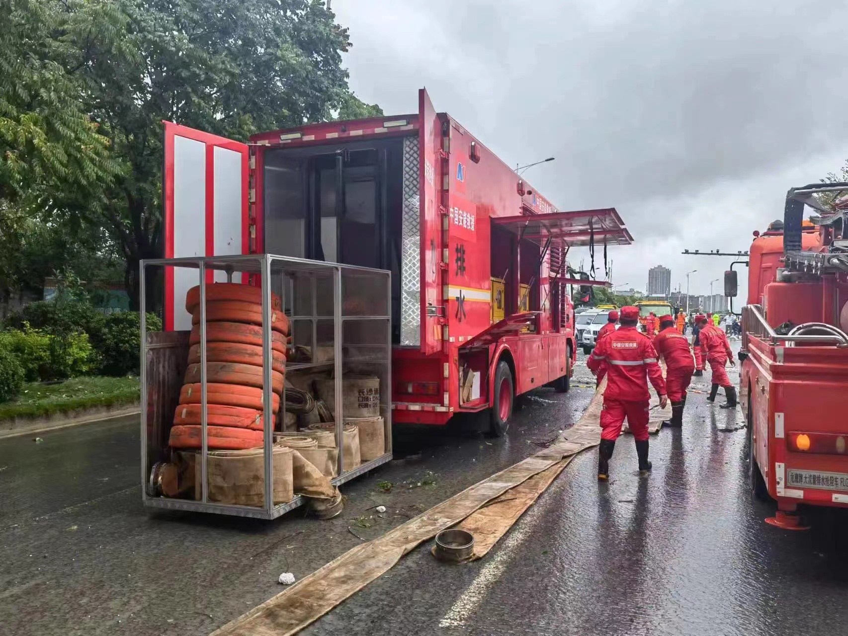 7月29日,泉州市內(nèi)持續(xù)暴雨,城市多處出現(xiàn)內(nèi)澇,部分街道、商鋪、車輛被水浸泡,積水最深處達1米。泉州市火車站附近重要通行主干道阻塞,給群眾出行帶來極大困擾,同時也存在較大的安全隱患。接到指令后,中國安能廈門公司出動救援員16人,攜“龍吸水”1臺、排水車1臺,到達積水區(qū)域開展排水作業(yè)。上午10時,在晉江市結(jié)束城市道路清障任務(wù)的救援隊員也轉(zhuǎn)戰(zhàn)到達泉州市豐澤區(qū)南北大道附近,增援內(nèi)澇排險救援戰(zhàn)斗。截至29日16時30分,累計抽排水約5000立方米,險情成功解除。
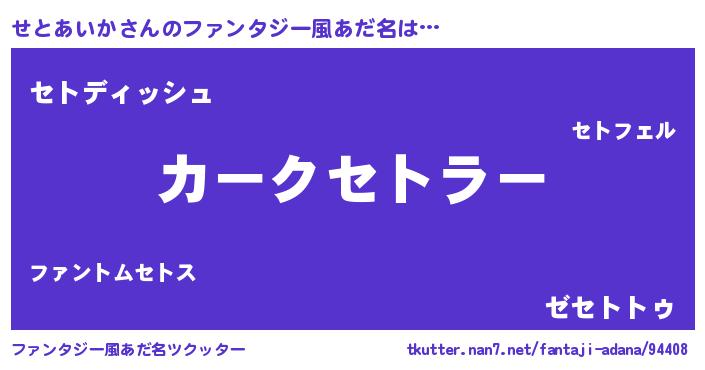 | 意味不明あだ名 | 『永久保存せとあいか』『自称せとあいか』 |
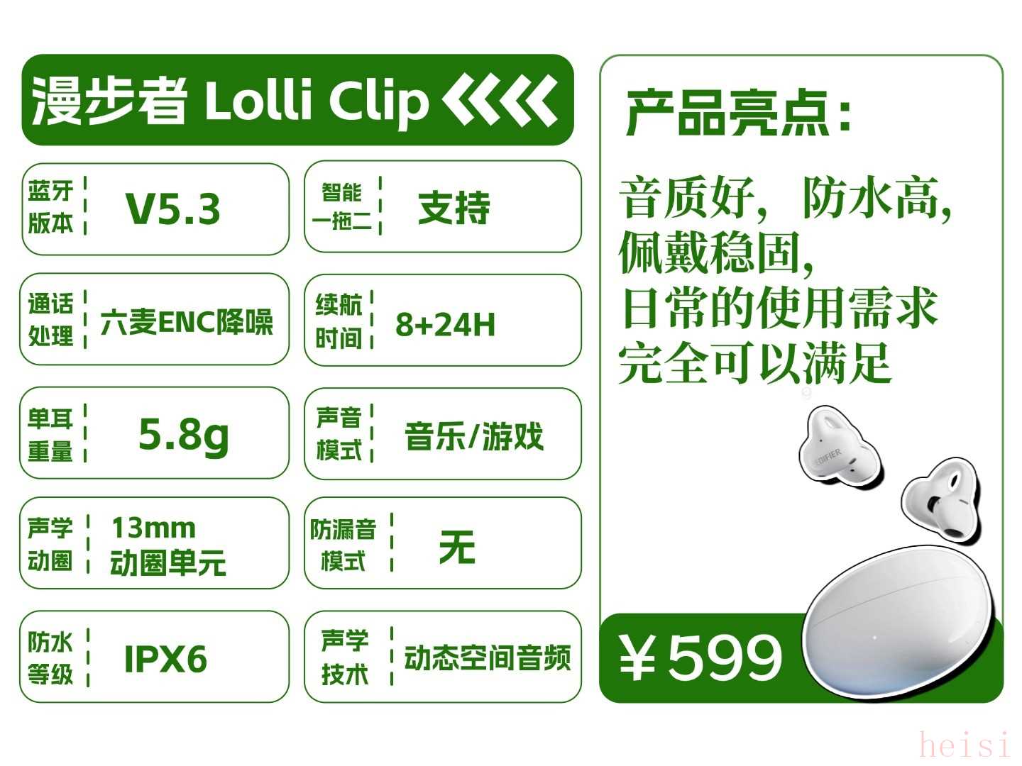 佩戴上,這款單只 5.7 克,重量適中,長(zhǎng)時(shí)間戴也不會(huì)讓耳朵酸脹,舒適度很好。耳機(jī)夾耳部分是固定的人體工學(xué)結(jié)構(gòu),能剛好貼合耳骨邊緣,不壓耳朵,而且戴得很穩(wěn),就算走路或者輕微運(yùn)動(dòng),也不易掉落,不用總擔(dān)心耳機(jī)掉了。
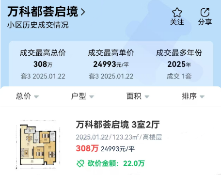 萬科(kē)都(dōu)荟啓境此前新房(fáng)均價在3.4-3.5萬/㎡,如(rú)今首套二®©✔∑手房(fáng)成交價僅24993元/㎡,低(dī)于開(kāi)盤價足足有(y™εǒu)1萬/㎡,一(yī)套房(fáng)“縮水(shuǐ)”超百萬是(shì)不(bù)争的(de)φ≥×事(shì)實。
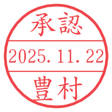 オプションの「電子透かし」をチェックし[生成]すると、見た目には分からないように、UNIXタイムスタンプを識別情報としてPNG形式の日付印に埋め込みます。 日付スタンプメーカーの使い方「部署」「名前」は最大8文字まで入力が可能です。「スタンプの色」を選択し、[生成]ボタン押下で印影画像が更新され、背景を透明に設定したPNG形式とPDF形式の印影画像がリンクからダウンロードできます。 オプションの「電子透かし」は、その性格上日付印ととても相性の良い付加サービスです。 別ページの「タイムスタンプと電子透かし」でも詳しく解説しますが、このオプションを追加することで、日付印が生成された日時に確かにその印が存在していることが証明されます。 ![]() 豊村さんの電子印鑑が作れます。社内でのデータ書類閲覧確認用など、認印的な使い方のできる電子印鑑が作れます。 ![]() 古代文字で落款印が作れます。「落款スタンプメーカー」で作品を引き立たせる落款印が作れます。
········
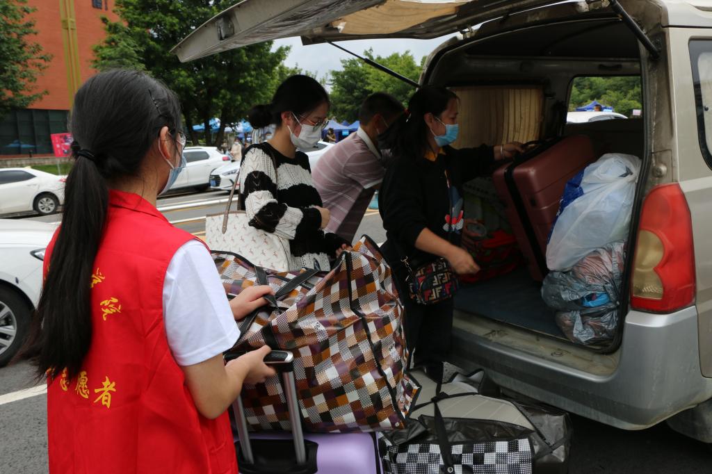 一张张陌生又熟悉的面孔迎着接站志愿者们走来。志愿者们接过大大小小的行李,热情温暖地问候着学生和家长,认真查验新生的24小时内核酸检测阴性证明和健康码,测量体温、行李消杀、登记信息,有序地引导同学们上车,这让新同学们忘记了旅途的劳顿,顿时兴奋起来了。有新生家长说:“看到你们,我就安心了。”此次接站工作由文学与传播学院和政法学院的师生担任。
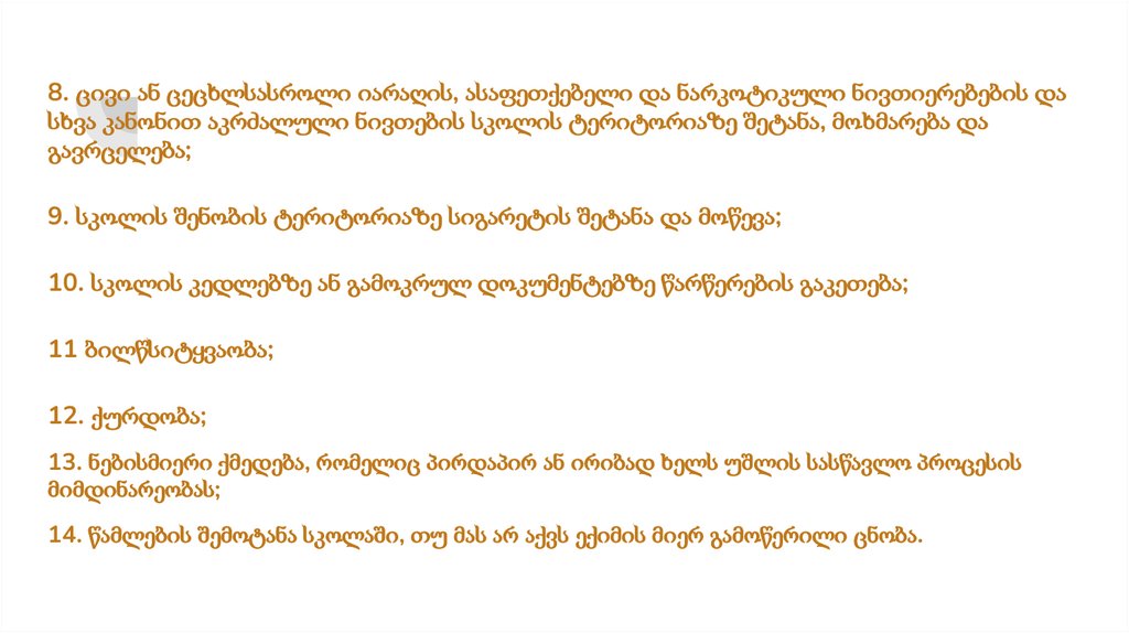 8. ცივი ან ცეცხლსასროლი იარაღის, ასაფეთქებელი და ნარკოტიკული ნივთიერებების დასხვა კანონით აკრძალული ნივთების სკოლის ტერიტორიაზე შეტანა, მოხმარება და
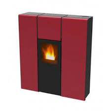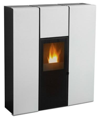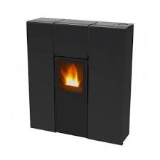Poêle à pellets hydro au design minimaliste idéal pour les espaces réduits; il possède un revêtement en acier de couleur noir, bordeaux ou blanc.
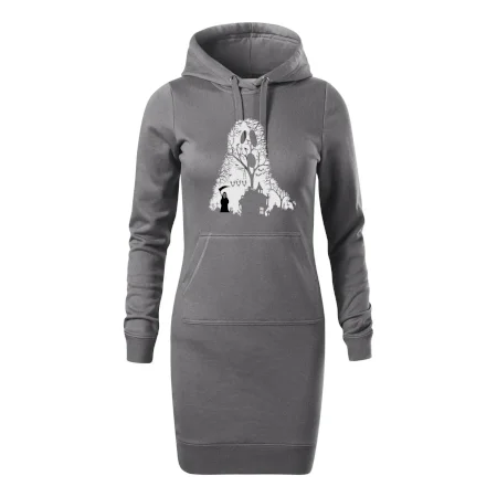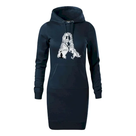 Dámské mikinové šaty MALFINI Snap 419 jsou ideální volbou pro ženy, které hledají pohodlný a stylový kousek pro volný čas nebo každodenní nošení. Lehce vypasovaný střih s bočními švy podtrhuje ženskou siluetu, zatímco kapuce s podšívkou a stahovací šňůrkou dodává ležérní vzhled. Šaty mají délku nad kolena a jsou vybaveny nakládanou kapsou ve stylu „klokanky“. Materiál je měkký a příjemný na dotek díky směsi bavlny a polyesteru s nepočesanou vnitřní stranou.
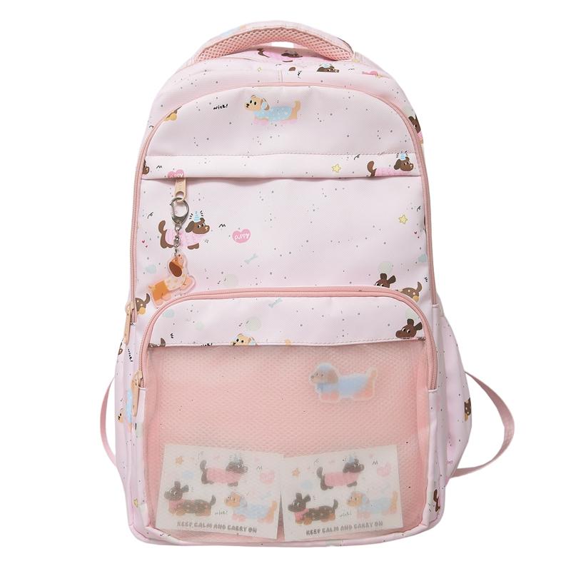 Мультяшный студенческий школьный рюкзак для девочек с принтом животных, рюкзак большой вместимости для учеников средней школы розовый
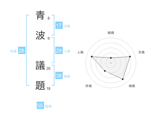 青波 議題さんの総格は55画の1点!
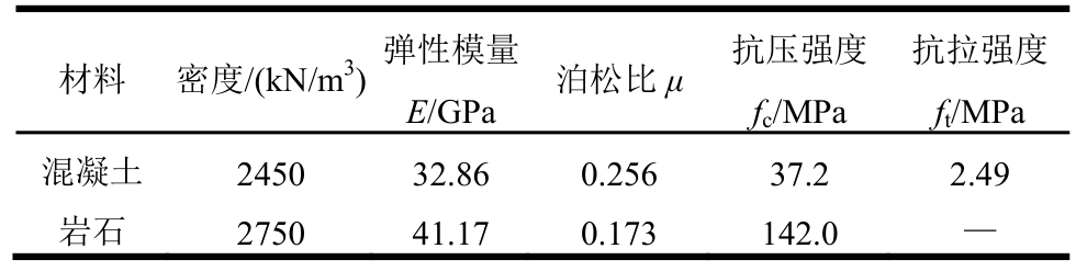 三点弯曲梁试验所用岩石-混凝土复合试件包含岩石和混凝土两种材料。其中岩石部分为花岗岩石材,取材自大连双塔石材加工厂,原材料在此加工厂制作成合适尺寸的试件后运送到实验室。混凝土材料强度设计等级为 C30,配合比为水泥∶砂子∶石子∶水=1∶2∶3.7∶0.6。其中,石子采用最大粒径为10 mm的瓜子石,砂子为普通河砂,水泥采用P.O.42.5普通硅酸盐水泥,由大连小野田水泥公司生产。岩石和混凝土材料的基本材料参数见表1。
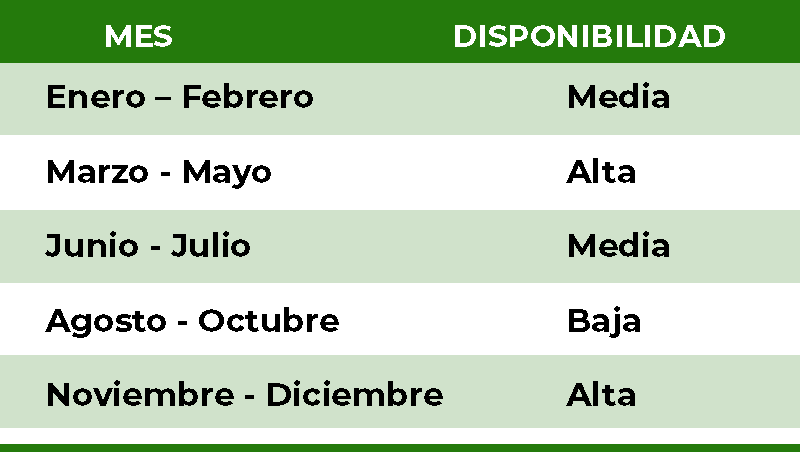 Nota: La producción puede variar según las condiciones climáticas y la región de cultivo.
········
## REQUIREMENT
What is needed is an exact copy of only the lines above from the one with "7月29日,泉州市內(nèi" to the one with "意味不明あだ名 | 『永久保存せとあいか』『自称せとあいか』 |", both kept, with every picture left out.

## ANSWER SECTION
 7月29日,泉州市內(nèi)持續(xù)暴雨,城市多處出現(xiàn)內(nèi)澇,部分街道、商鋪、車輛被水浸泡,積水最深處達1米。泉州市火車站附近重要通行主干道阻塞,給群眾出行帶來極大困擾,同時也存在較大的安全隱患。接到指令后,中國安能廈門公司出動救援員16人,攜“龍吸水”1臺、排水車1臺,到達積水區(qū)域開展排水作業(yè)。上午10時,在晉江市結(jié)束城市道路清障任務(wù)的救援隊員也轉(zhuǎn)戰(zhàn)到達泉州市豐澤區(qū)南北大道附近,增援內(nèi)澇排險救援戰(zhàn)斗。截至29日16時30分,累計抽排水約5000立方米,險情成功解除。
 | 意味不明あだ名 | 『永久保存せとあいか』『自称せとあいか』 |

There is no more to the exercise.